Dataset records:
________________________________________

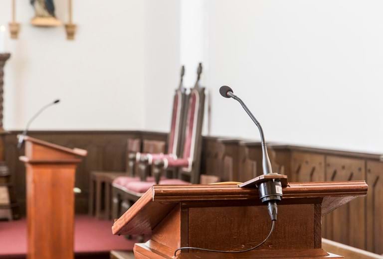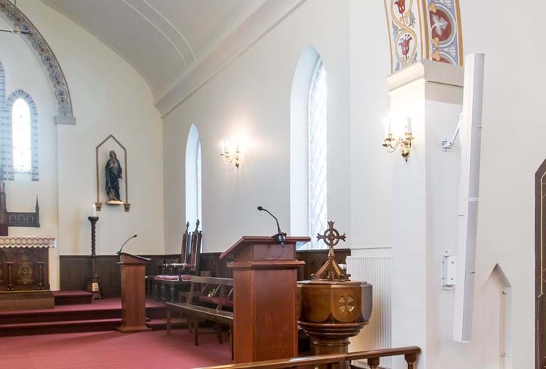 Til den katolske Sankt Nikolaj Kirke i Aarhus har vi leveret en løsning med to Bose MA12 højttalere og tilhørende mikrofonanlæg, hvor svanehalsmikrofonerne er placeret på de pulte, hvorfra der prædikes, og på alteret. En smart og brugervenlig detalje er, at hver enkel mikrofon kan tændes og slukkes på en knap, der diskret er placeret inde i pulten.
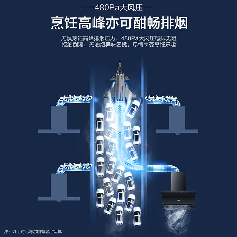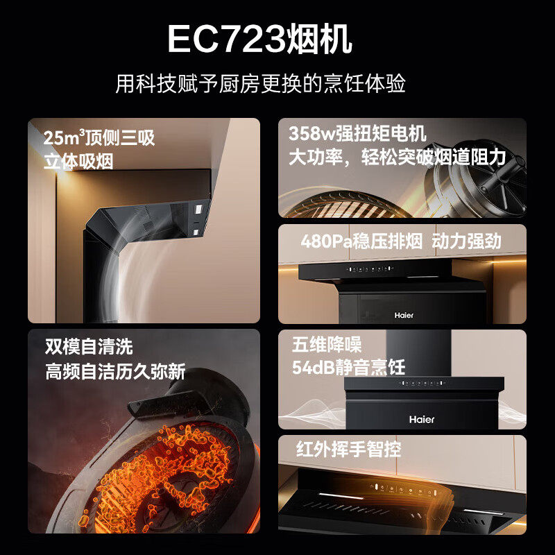 海尔顶侧3吸抽吸油烟机CXW-358-EC723家用大吸力25m³免清洗480Pa
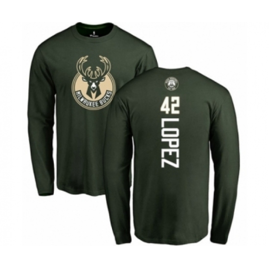 >Basketball Milwaukee Bucks #42 Robin Lopez Green Backer Long Sleeve T-Shirt
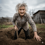 Semyon stood by the glass, motionless. The light was weak, but it was enough to see: in the old woman’s hands was the shovel again. She was digging slowly, carefully, as though she knew—each swing could reveal something more than just earth. Something she feared.
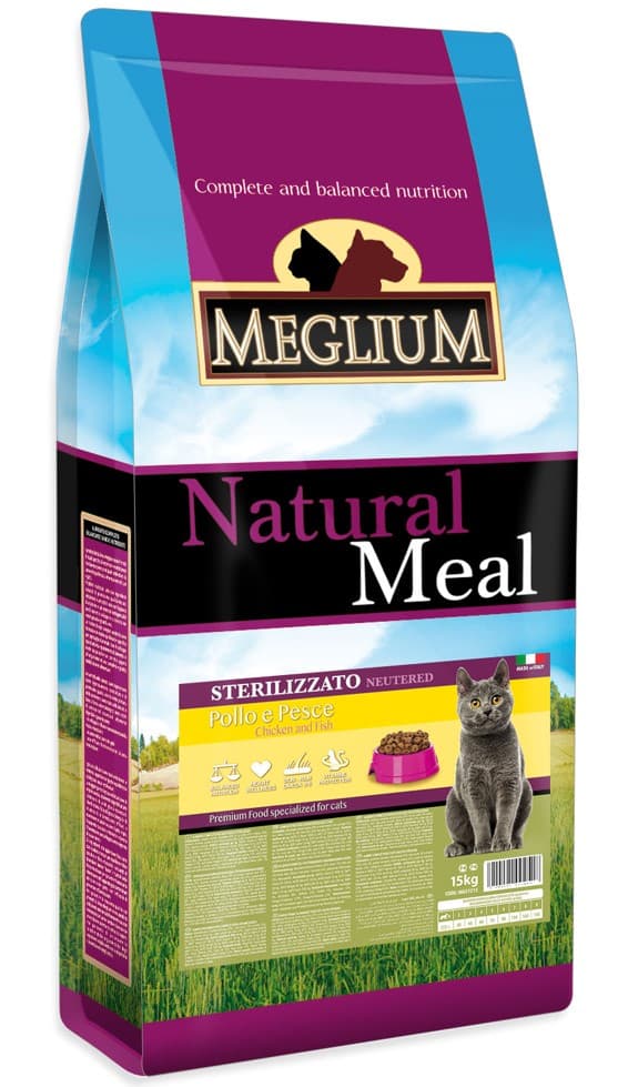 Правильное сочетание между куриным, говяжьим и рыбным мясом для получения соответствующего аминокислотного состава,Омега-3 жирных кислот из рыбы, сбалансированного количества минералов, отличной дозы клетчатки и таурина. Все это делает Meglium Cat Neutered подходящим выбором для стерилизованных кошек.
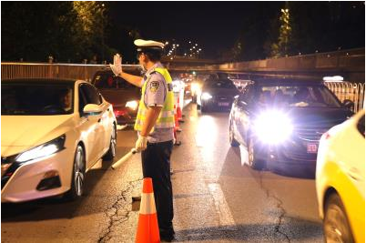 圖為7月12日晚,和平交警大隊(duì)民警在南京街北一路執(zhí)勤檢查。
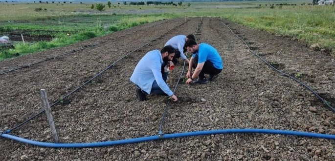 Muş Alparslan Üniversitesi Uygulamalı Bilimler Fakültesi deneme alanında üretim amaçlı Şafak F1 karpuz fidesi ve Kırkağaç kavun fidesi dikimi yapıldı.

________________________________________

▶ TASK DESCRIPTION:
Restate, word for word, each line from the line containing "Semyon stood by" through the end of the entries above; the pictures are not part of the copy.

▶ REPLY:
 Semyon stood by the glass, motionless. The light was weak, but it was enough to see: in the old woman’s hands was the shovel again. She was digging slowly, carefully, as though she knew—each swing could reveal something more than just earth. Something she feared.
 Правильное сочетание между куриным, говяжьим и рыбным мясом для получения соответствующего аминокислотного состава,Омега-3 жирных кислот из рыбы, сбалансированного количества минералов, отличной дозы клетчатки и таурина. Все это делает Meglium Cat Neutered подходящим выбором для стерилизованных кошек.
 圖為7月12日晚,和平交警大隊(duì)民警在南京街北一路執(zhí)勤檢查。
 Muş Alparslan Üniversitesi Uygulamalı Bilimler Fakültesi deneme alanında üretim amaçlı Şafak F1 karpuz fidesi ve Kırkağaç kavun fidesi dikimi yapıldı.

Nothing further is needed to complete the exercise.